Question

The smallest number $x$ such that $4456 + x$ is divisible by 7 is

• A. 3
• B. 4
• C. 2
• D. 5

Hint:

Smallest addition = Divisor − Remainder.

Answer 1

The Correct Option is A

To find the smallest number \(x\) such that \(4456 + x\) is divisible by \(7\), we follow the steps below:

1. First, determine the remainder when \(4456\) is divided by \(7\). This can be done through direct division.

Divide \(4456\) by \(7\).

Calculation

4456 ÷ 7 = 636

Remainder: 4

1. Since the remainder is \(4\), the expression \(4456\) can be expressed as:

\(4456 = 7 \times 636 + 4\)

1. We want \(4456 + x\) to be divisible by \(7\).
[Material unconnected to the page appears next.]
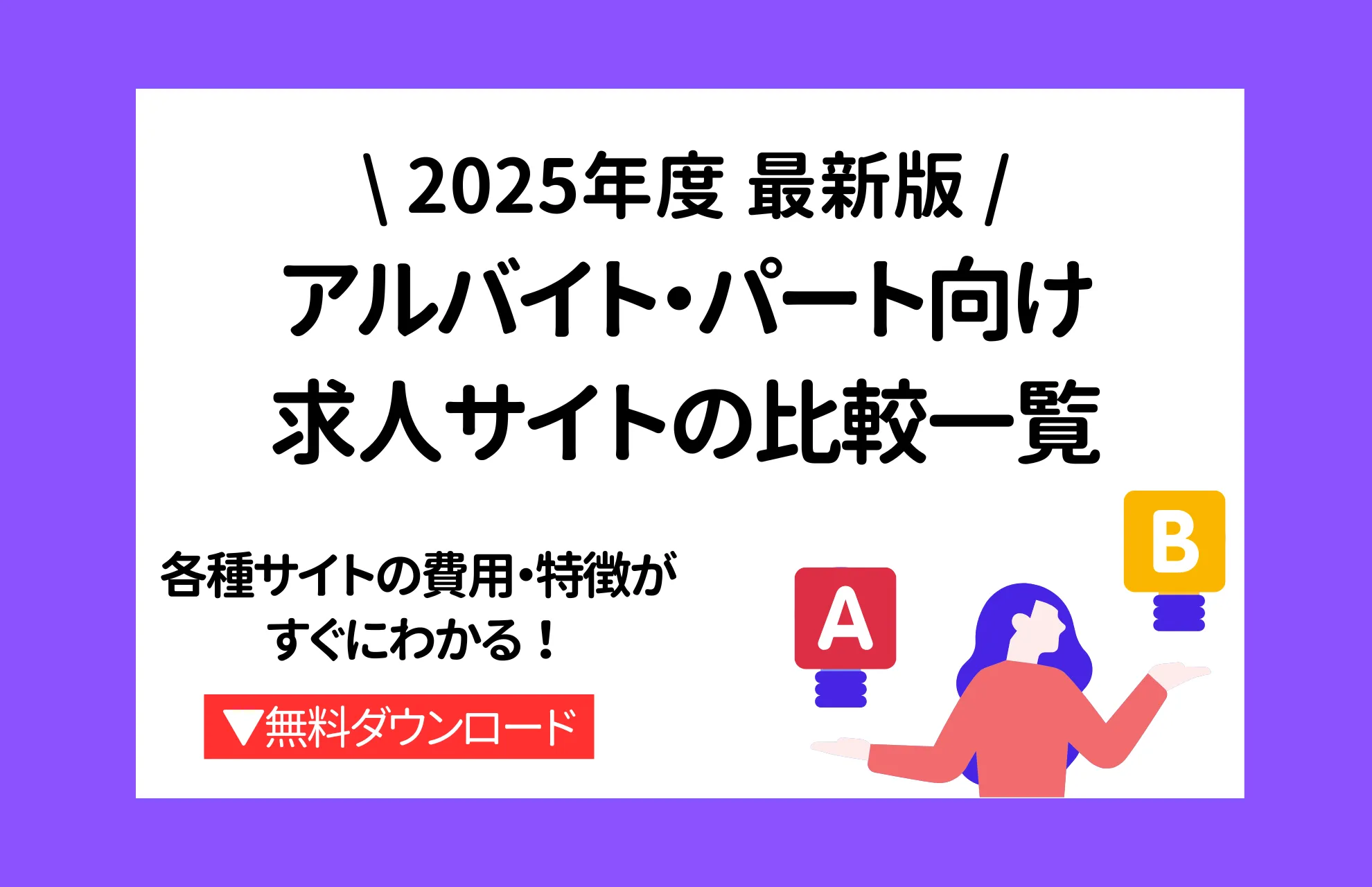 ▶「【2025年度】アルバイト・パート向け求人サイトの比較一覧」の無料ダウンロードはこちら

Therefore,

\(4456 + x \equiv 0 \pmod{7}\)

Substituting the remainder, this becomes:

\(4 + x \equiv 0 \pmod{7}\)

1. To find \(x\), solve the equation:

\(x \equiv -4 \equiv 3 \pmod{7}\)

The smallest non-negative integer solution for \(x\) is \(3\).

Hence, the smallest number \(x\) such that \(4456 + x\) is divisible by \(7\) is 3.